Auchan et les indépendants, Leclerc et dans une moindre mesure Système U, tirent leur épingle du jeu grâce à une stratégie constante en terme d’assortiment et de positionnement prix et grâce à une rénovation profonde et homogène de leur parc.

Les groupes intégrés (Carrefour, Casino) souffrent davantage avec un décalage entre les contraintes liées à l’actionnaire et celles liées à l’exploitation des magasins. En outre, la refonte du parc d’hypermarchés n’est pas achevée d’où une plus forte hétérogénéité entre les magasins et leurs performances.

La vogue du mini touche aussi les hypers
L’intensification de la concurrence des spécialistes oblige les hypermarchés à élaguer leur assortiment
Le format est en panne de croissance surtout sur les grands hypers. La tendance est au format mini (3000-5000 m2) qui permet d’optimiser le triptyque choix/prix/temps passé.

Les hypermarchés subissent de plein fouet la concurrence des spécialistes :

  • En non-alimentaire, l’hypermarché ne peut plus rivaliser que difficilement, tant en termes d’offre que de prix, avec les category killers. Les rayons non-alimentaires, qui ne portent plus le panier moyen, affichent des contre-performances et ont conduit les distributeurs à en abandonner certains.
  • En alimentaire, les hypermarchés sont confrontés au développement des Grandes Surfaces Frais (Grand Frais, Jour de Marché,…), à la concurrence des freezer-centers en surgelé (avec la success story Picard) mais résistent face au hard-discount en ayant repris l’offensive prix depuis fin 2009. A contrario, en bio, les hypermarchés ont gagné des parts de marché sur les réseaux spécialisés en démocratisant le bio via les prix et le développement de l’assortiment (les GMS ont réalisé 70% de la croissance du bio en 2010).
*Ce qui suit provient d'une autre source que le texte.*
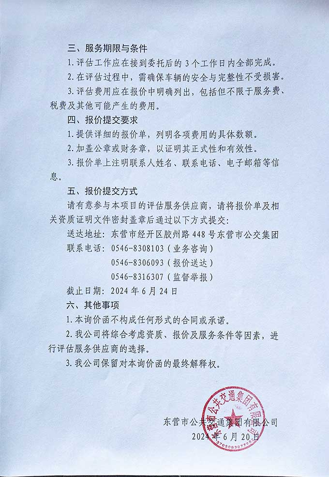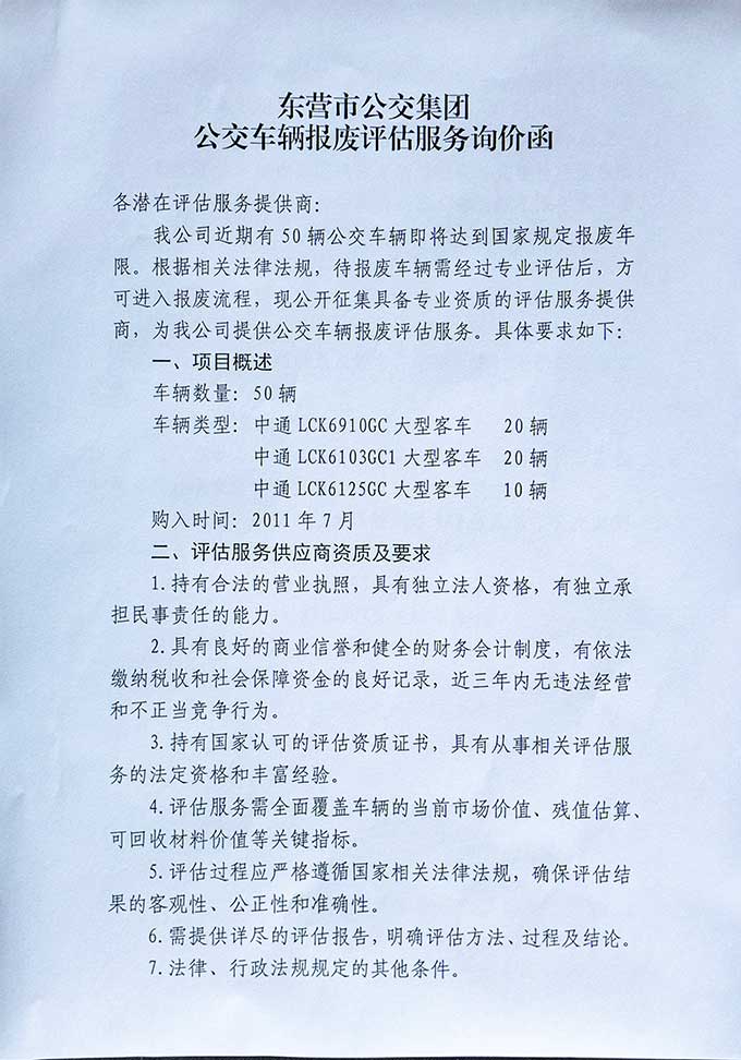東營市公交集團公交車輛報廢評估服務詢價函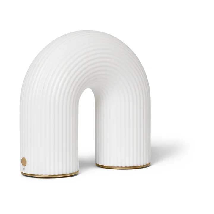 Vuelta portable pöytävalaisin Ferm Livingiltä erottuu veistoksellisesta kaaresta ja antiikkisista pylväistä. Valmistettu kestävästä muovista, se tarjoaa monipuolista valaistusta LED-valonlähteellä, joka antaa pehmeän, diffuusen hehkun. Säädettävän himmentimen ansiosta se sopii täydellisesti yöpöydän lampuksi lastenhuoneeseen tai hämärän nurkan valaisemiseen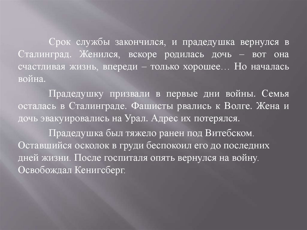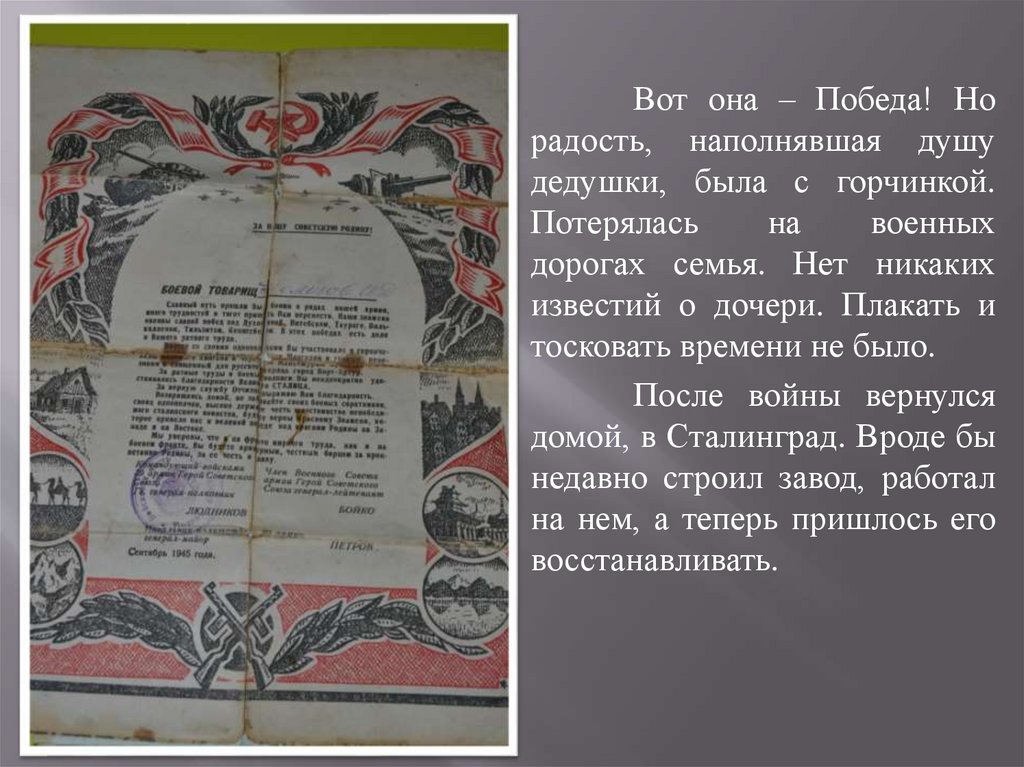 Срок службы закончился, и прадедушка вернулся вСталинград. Женился, вскоре родилась дочь – вот она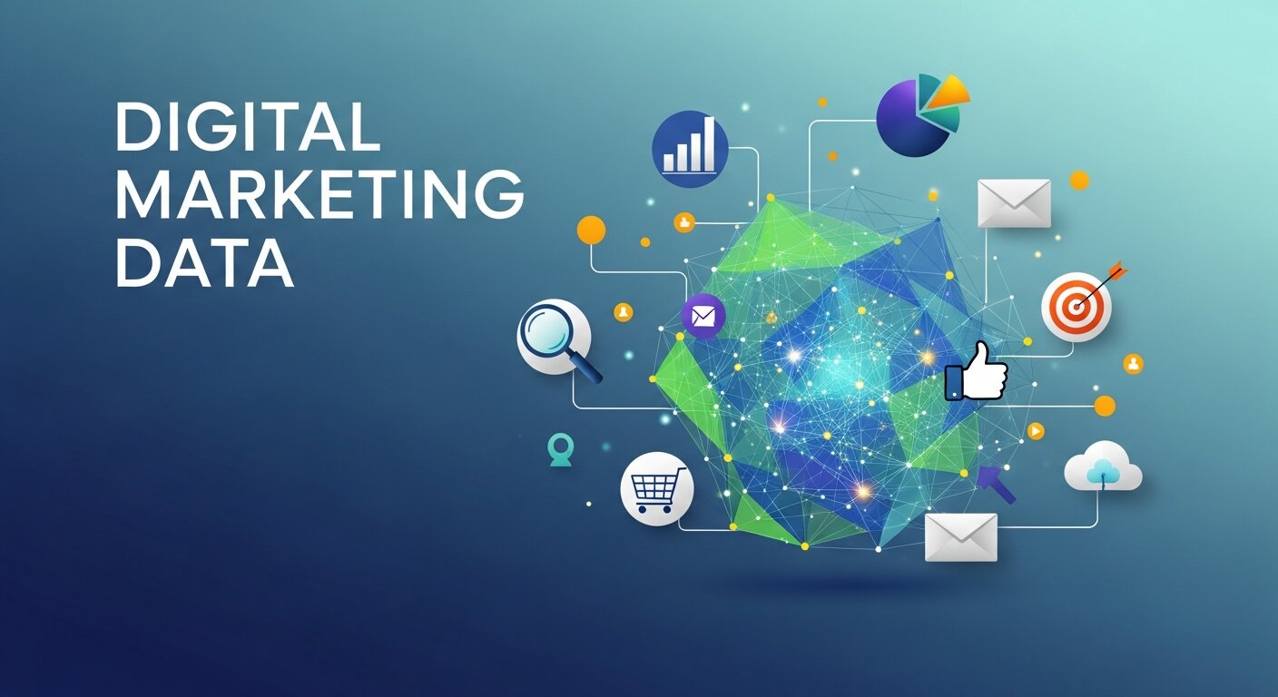 Digital marketing data refers to information collected from online marketing activities, including website interactions, social media engagement, email campaigns, advertising performance, and customer behaviors. It provides insights into audience preferences, campaign effectiveness, and overall marketing ROI.

Un modèle économique à revoir
Le « tout accessible sous le même toit » des hypers cède du terrain au « tous services sous le même toit » vers lequel s’orientent les enseignes demain
Eurostaf décrypte les ajustements nécessaires pour relancer l’hypermarché. L’hypermarché de demain repose sur :
  • le meilleur équilibre à trouver entre drive et magasins,
  • plus de services et de confort d’achat,
  • une offre non-alimentaire recentrée sur les rayons forts et mieux théatralisée,
  • une offre alimentaire, qui doit rester large mais gagner en visibilité entre marques distributeurs et marques nationales.
  • tous rayons et services confondus, l’hypermarché doit conserver son caractère attractif en termes de prix au travers de vraies promotions sur les marques nationales, de cagnottes transparentes et faciles à utiliser pour le consommateur.

L’hypermarché doit donc redevenir pour le consommateur synonyme de shopping plaisir à prix malins.